Wäre alles nach Plan gegangen, hätte man sich an das Bild der schwarz-grauen E-Boote auf der Moskwa längst gewöhnt. Schon zum 1. Juli vorigen Jahres sollten die ihren Betrieb aufnehmen. Doch weil die Reederei Wodochod, die sie baut, betreibt und wartet, aus bekannten Gründen ohne westliche Bauteile auskommen musste, konnte sie den Termin nicht halten. Nun soll es ein Jahr später so weit sein.
Der auf 15 Jahre ausgelegte Vertrag der Stadt mit Wodochod sieht vor, dass die Firma bis Ende 2014 insgesamt 21 Wassertaxis liefert. Hergestellt werden sie auf einer Werft in St. Petersburg. Außerdem zeichnet Wodochod auch für den Bau von 23 schwimmenden Anlegestellen im Stadtgebiet verantwortlich.
Start mit zwei Linien
Der Linienverkehr soll zunächst mit neun Booten und auf zwei Strecken beginnen. Die eine führt westlich des Stadtzentrums vom Park Fili zum Kiewer Bahnhof und umfasst elf Haltestellen auf 12,5 Kilometern. Die andere deckt den dichtbesiedelten Südosten zwischen der Awtosawodskaja-Brücke und dem Stadtteil Petschatniki ab. Dort verteilen sich zehn Haltestellen auf acht Kilometer. Das soll nur der Anfang sein.
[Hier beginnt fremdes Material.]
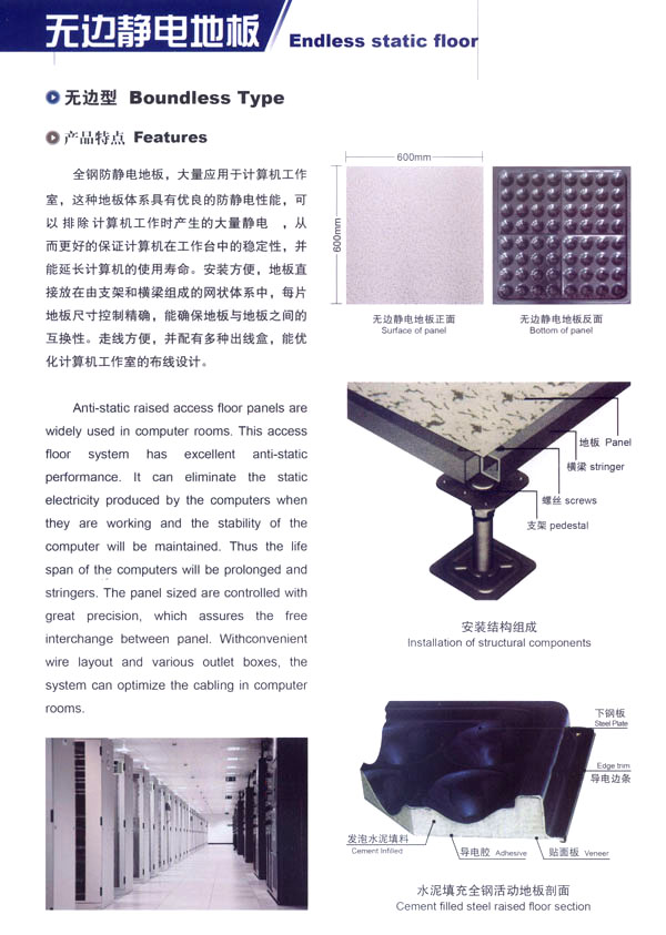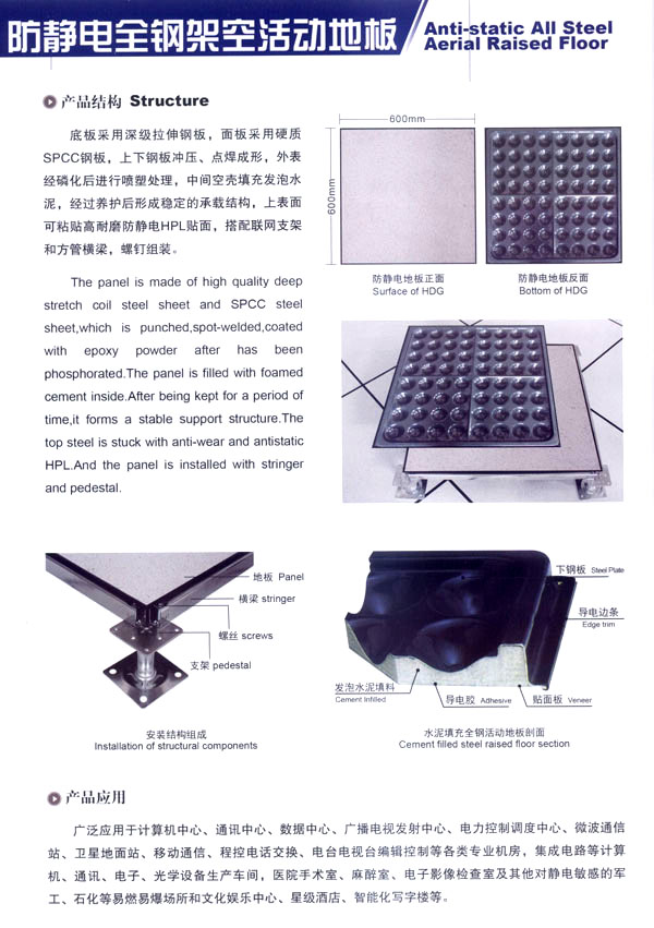 常州星峰活動(dòng)地板有限公司地處常州市橫林鎮(zhèn)前豐工業(yè)園區(qū),東鄰無(wú)錫。南有312國(guó)道。京杭大運(yùn)河、北臨滬寧高速公路,交通便捷。本公司資質(zhì)較深,是生產(chǎn)鋼質(zhì)抗靜電地板的專(zhuān)業(yè)廠(chǎng)家。十多年來(lái)積累了豐富的經(jīng)驗(yàn)及雄厚的經(jīng)濟(jì)實(shí)力。并以?xún)?yōu)質(zhì)的產(chǎn)品、優(yōu)良的售后服務(wù)贏得了用戶(hù)的一致好評(píng)。 本公司生產(chǎn)產(chǎn)品廣泛應(yīng)用于電子計(jì)算機(jī)房、通訊機(jī)房、電視發(fā)射臺(tái)、軍事指揮站、各類(lèi)實(shí)驗(yàn)室、辦公室及一些管線(xiàn)鋪設(shè)比較集中與要求防靜電場(chǎng)所,市場(chǎng)網(wǎng)絡(luò)縱橫江蘇、山東、福建、甘肅、上海、北京、安徽、浙江、河南等地。

Bei der Stadt rechnet man fürs Erste mit 15.000 bis 16.000 Fahrgästen am Tag. Es wird erwartet, dass das neue Nahverkehrsmittel in erster Linie von Anwohnern jener Stadtviertel genutzt wird, die sich unmittelbar an der Moskwa befinden. Im Vergleich zu Bus oder Bahn könnten sie auf der Strecke bis zu einer Stunde Fahrzeit sparen, argumentieren die Behörden.
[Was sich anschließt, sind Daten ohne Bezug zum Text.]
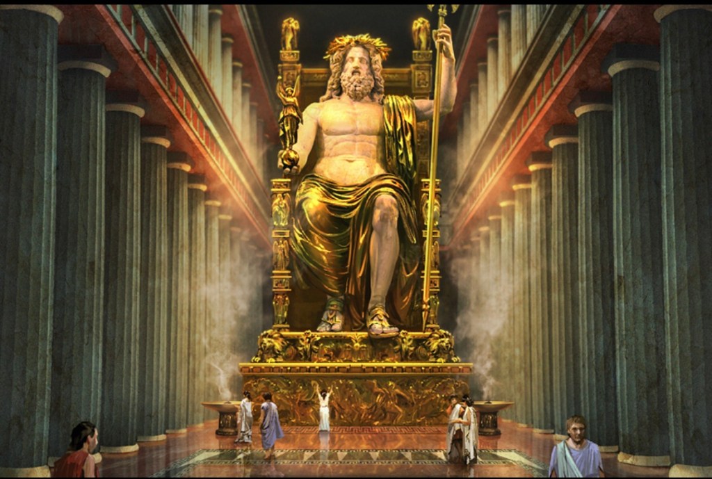 Zeusstatyn i Olympia. Alltings början. Ett av den klassiska världens sju underverk och helig mark i många hundra år. Vi vet inte mycket om underverket utöver att det var tolv meter högt, placerat i ett tempel i Olympia (på västra Peloponnesos), att det var alla grekers gemensamma fest/kultplats, att romarna flyttade det till Konstantinopel där det förstördes år 463 och att det givit avtryck in i vår tid.

Wassertaxis für 50 Fahrgäste ausgelegt
Die E-Boote haben eine Länge von 22 Metern und ein Fassungsvermögen von 50 Passagieren. Ausgestattet sind sie mit Panoramafenstern, Stellplätzen für Fahrräder oder E-Roller, USB-Anschlüssen, Wi-Fi und Tischen für die Arbeit mit dem Notebook. Die Höchstgeschwindigkeit liegt bei 22 Kilometern pro Stunde. Der Betrieb ist zu jeder Jahreszeit möglich. Im Winter wird den Booten bei Bedarf ein kleiner Eisbrecher zur Seite gestellt.
Beispiele für Linienverkehr auf Flüssen und anderen Gewässern gibt es weltweit, von Kopenhagen bis Istanbul und von Tokio bis New York. Meist wird in diesem Zusammenhang von Wassertaxis oder Wasserbussen gesprochen. In Russland hat sich die Bezeichnung Flussstraßenbahn eingebürgert.
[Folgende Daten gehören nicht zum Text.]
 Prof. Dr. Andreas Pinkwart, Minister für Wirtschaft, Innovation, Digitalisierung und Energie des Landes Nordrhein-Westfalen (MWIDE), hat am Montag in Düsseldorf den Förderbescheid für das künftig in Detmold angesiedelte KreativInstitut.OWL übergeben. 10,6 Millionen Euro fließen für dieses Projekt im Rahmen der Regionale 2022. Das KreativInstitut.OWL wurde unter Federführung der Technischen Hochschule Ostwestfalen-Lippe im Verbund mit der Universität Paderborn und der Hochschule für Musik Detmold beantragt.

Geschichte des Nahverkehrs auf dem Wasser
Die modernen E-Boote haben auf den ersten Blick wenig gemein mit den alten sowjetischen Dieselschiffen vom Typ „Moskwa“, die bis heute als Ausflugsdampfer in Moskau ihren Dienst verrichten. Doch sie erfüllten einst denselben Zweck wie die neue Generation der Wassertaxis. Nahverkehr auf der Moskwa ist nämlich keine Erfindung der heutigen Zeit. Schon 1923 brachten erste Boote die Moskauer von A nach B. Einen besonderen Aufschwung erlebte dieser Verkehr in den 1950er und 1960er Jahren. In der Spitze gab es mehr als 40 Anlegestellen an der Moskwa und am Moskaukanal. Mit dem Ausbau des Metro- und Busnetzes verlor dieses Verkehrsmittel später an Bedeutung. Nachdem der Staat die Subventionen einstellte, verschwand es 2006 ganz. Bis jetzt.
Tino Künzel
UPD: Am 20. Juni wurde der Verkehr auf der ersten Linie aufgenommen. Sie hat eine Länge von 6,5 Kilometern und reicht von der Anlagestelle am Kiewer Bahnhof bis zur Wohnanlage Serdse Stolizy (Herz der Hauptstadt) weiter westlich. Die Mitfahrt kostet wochentags 150 Rubel (1,60 Euro) und damit das Dreifache eines Metro-, Bus- oder Bahntickets. Bis zum 1. September verdoppelt sich am Wochenende der Preis, anschließend gilt der 150-Rubel-Tarif auch samstags und sonntags. Eine zweite Linie soll noch im Laufe des Jahres eröffnet werden.